Streaming data, it's both a sales pitch and a problem

Published by at

I've been saying for ages that streaming media to mobile devices isn't a great solution in the medium term - early adopters get great performance and then it (presumably) takes off and bandwidth/contention issues mean that noone gets served well. Leigh Geary, who often includes a healthy dose of common sense in his musings, has been writing up the issues around streaming music here, talking about both the possible impact on your cell package data cap and contention.

From Leigh's piece:

Two years ago I plugged my phone into my car stereo and streamed music through it. The results are here and we found that a normal 128kbps stream consumed around 1MB a minute. Sounds OK doesn’t it? But if you listen to an internet radio station in the same way as an FM radio station – let’s say as background music for a whole working day, the data consumption cranks up quite significantly.

This is a fairly extreme example, but let’s remember that a number of mobile networks offering “unlimited data”. Many have hit the “very small minority” of customers who use a large proportion of the bandwidth. For example, giffgaff have been known to stop people who stream data constantly, as it’s a constant “pull” on the network and the local mast. Streaming is a constant data connection which doesn’t break or stop like a standard download would, so it impacts people who are using the same mast. They’re getting less of a share of that bandwidth.

Perhaps the simplest way to explain it is to imagine a motorway. The motorway is the data pipe serving your local mast. If you request a webpage then a car goes up one side of the motorway and then comes back down the other side with your webpage. It’s quick and leaves the lanes free for others. An audio stream is slightly different. It’s like a line of trucks all sitting in lane one. They’re moving, albeit slowly, and they’re reducing capacity.

image

 

...I mentioned Spotify earlier and it’s worth a quick look at this too if you’re using it on your phone. I’ve dug out the details and the Spotify mobile “low bandwidth” option is actually 96kbps, which is 43.2MB every hour or 345.6MB if you leave it running for 8 hours a day. The Spotify mobile “High Quality” setting is actually 160kbps, so you’re looking at 72MB per hour or 576MB over 8 hours. If you switch up to the Spotify mobile “Extreme quality” setting then you’re pulling at 320kbps – that’s 144MB every hour, so you’re not even going to get 4 hours of music on a 512MB data package. Leave that running for 8 hours and it’ll consume 1.12GB.
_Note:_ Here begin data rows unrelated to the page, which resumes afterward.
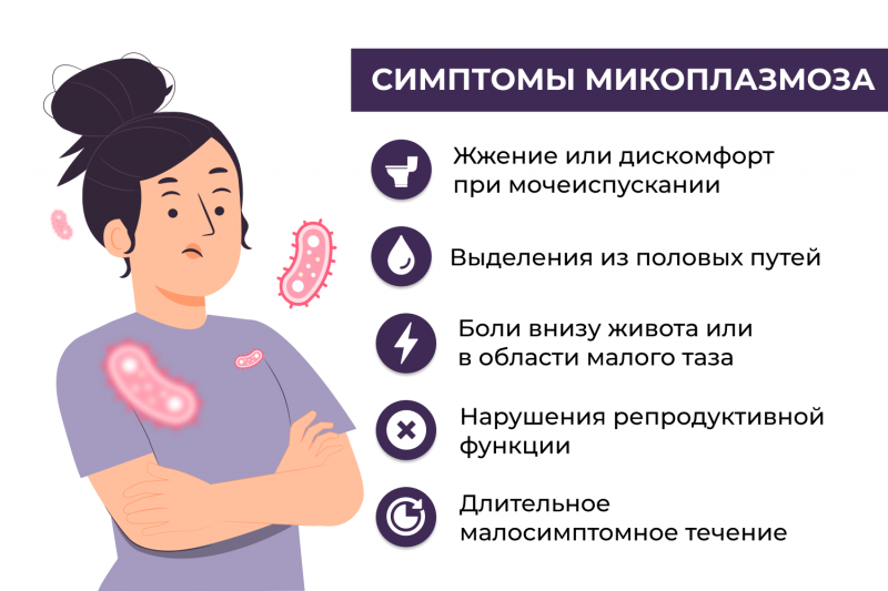 Микоплазмы могут поражать мочеполовую систему, дыхательные пути, реже — суставы и другие ткани. У многих людей они живут в организме без симптомов, но при определенных условиях становятся причиной воспалительных процессов.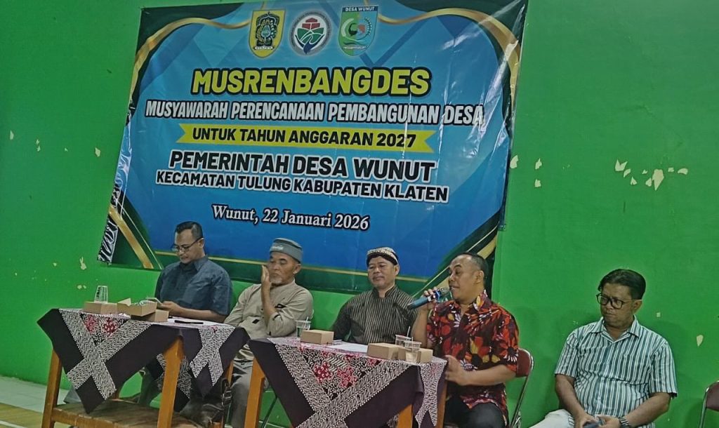 (desawunutklaten.id) Pada hari kamis, 22 Januari 2026 pemerintah desa wunut melaksanakan Musrenbangdes (musyawarah perencanaan pembangunan desa) untuk tahun 2027. Musrenbangdes adalah sebuah proses perencanaan pembangunan desa yang partisipatif, dimana masyarakat desa wunut secara aktif terlibat dalam diskusi, merumuskan, dan menentukan prioritas pembangunan yang dilakukan di desa wunut.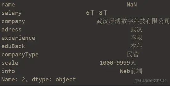 dic = {'name':'前端开发','salary':2万-2.5万, 'company':'上海科技有限公司', 'adress':'上海','eduBack':'本科','companyType':'民营', 'scale':1000-10000人,'info':'小程序'}

To be honest, this situation is all a bit crap. Yes, crap. I said it.

This isn’t the way it should be. The internet now isn’t the way it should be either. This “internet” that you’re fed now is heavily controlled, monitored, filtered, managed and limited. We should be able to listen to as much of the music that we want. We should be able to watch all the streaming TV and video that we want, but the plain fact is that if we all start doing that, it’ll give the networks yet more problems, and they’ll either have to build bigger and better (as some have) or start twiddling knobs here and there to box us into the shape they want.

My emphasis, obviously. Now, long term, network capacity will improve by another order of magnitude and maybe streaming TV for all will be quite possible in 2020. But there are problems today, in 2013.
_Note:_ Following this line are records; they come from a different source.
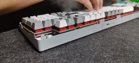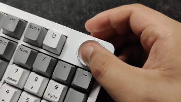 而这把青龙的传统gasket,加上没有开槽的PCB和定位板在手感一致性方面要出色的多,而且我再也不用担心我的轴体按不下去了,可以在下图看到我在敲击字母区的时候,键盘边缘的旋钮区也是完全跟着下沉。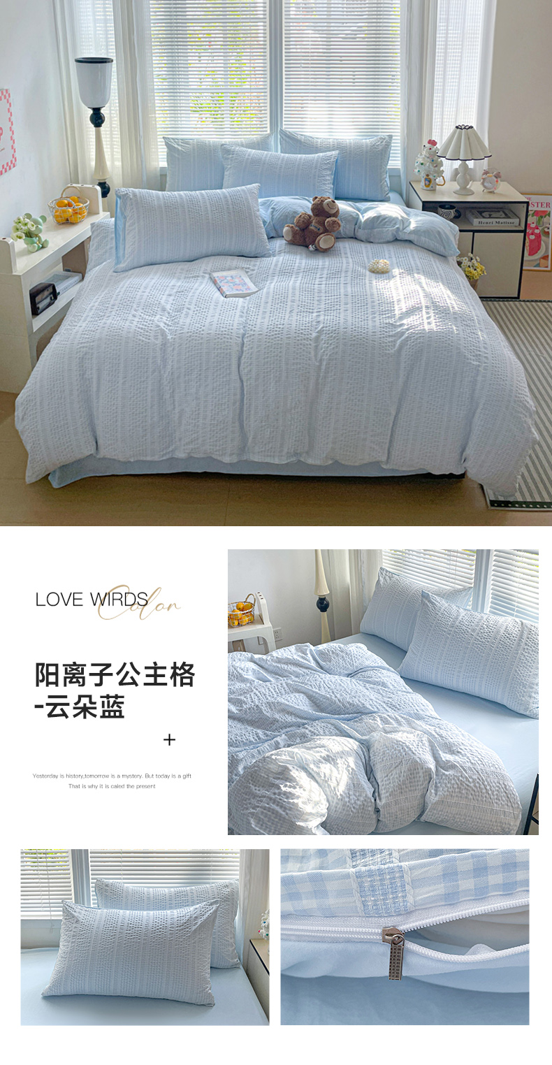 当前位置: 91家纺网 > 商品网购 > 床品套件 > 四件套 > 卡普家居 2025新款A类阳离子公主格四件套 阳离子公主格-云朵蓝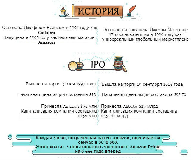 Все вехи развития, этапы роста и финансовые результаты двух мировых гигантов в e-commerce в картинках и цифрах.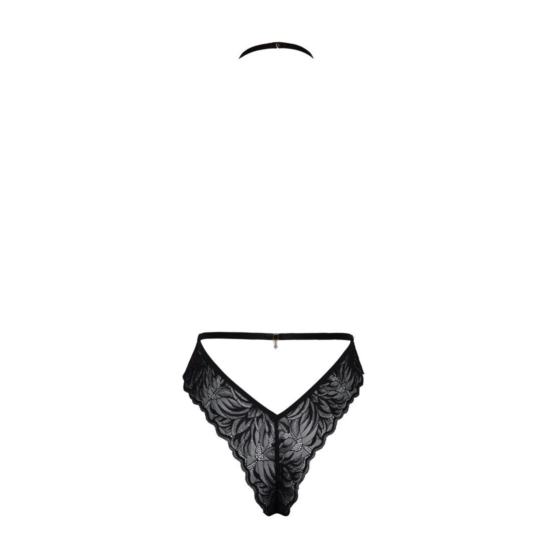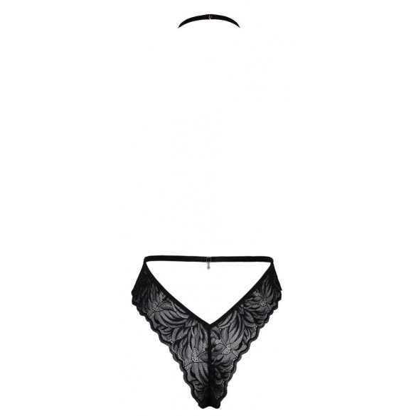 Seducente body di kissable completamente realizzato in pregiato pizzo nero. Morbido ed elastico su tutto il corpo per il massimo comfort. Stile backless con ampio cut-out sul davanti dal collo alla vita. Scollatura con fiocco e pietre glitterate sul davanti e chiusura a gancetto sul collo. Fascia in vita con fiocco e pietre glitterate sul retro e chiusura a gancetto laterale.

I have a friend who, partly as a test, consumed 140GB of data in a month on his 3.5G set-up on his phone. Yes, very cool from a geek point of view, and insanely good value given that he was on an all-you-can-eat plan. But if even 1% of normal users started doing that then no one would get very far, at least with current network capacity.
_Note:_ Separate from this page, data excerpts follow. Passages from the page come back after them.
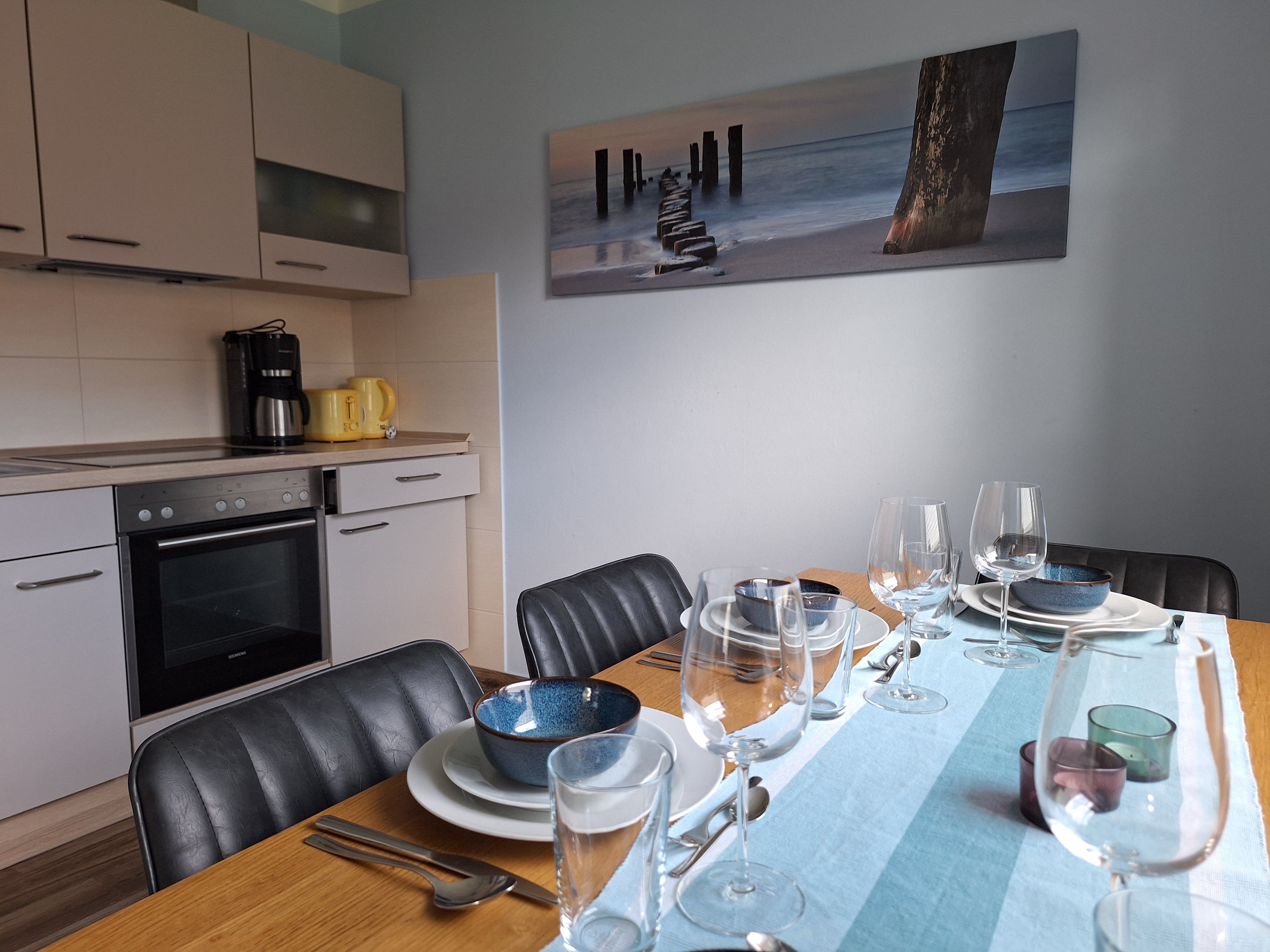 Die gemütliche Ausstattung des Hauses ist geeignet für 4-5 Personen und beinhaltet: Küche mit 4 Sitzplätzen, Elektro-Herd, Backofen, Mikrowelle, Spülmaschine, Kühl-Gefrier-Kombination, Kaffeemaschine und Toaster. Alle gängigen Küchenutensilien stehen selbstverständlich zur Verfügung.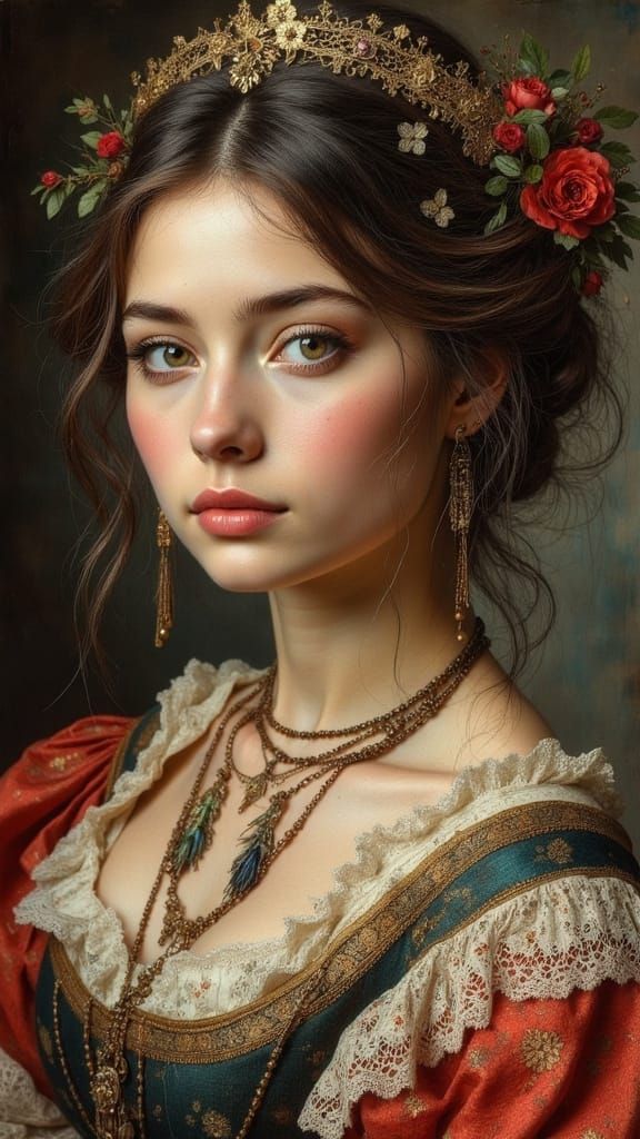 This image depicts a beautiful Ukrainian woman in traditional dress, reminiscent of portraits from the 1700s-1800s. The image has a hyperreal aesthetic.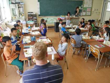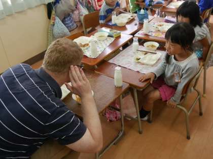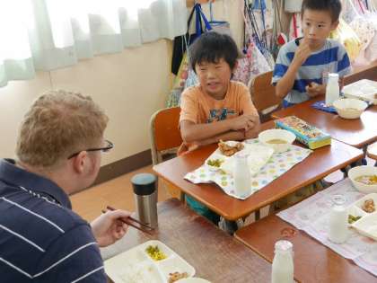 ひさしぶりに、中学校からC-NETの英語ネイティブのメイソン先生がきてくれました。今日は2年生で給食を一緒にいただきました。英語で「名前は?」ときかれて、少しドキドキしながら答えました。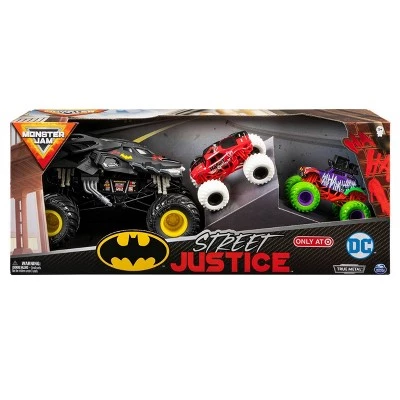 - Use your imagination to create your own epic stories straight out of the box with your new Monster Jam trucks! Race through Gotham City with Batman-themed trucks!

Online music streaming is fun and cool and, of course, trendy. But, at least in 2013, I'd advise a mixed connectity set-up, with some locally stored music (all your favourites) on mass memory or memory card, with as much online media as you can cached (where possible) and with online music download settings set to 'low' (after all, if you're mobile then you probably won't be able to hear the difference between the various encoding bitrates).

Comments? How does your own music/video consumption on your phone play out? What fraction is local and what fraction is streamed?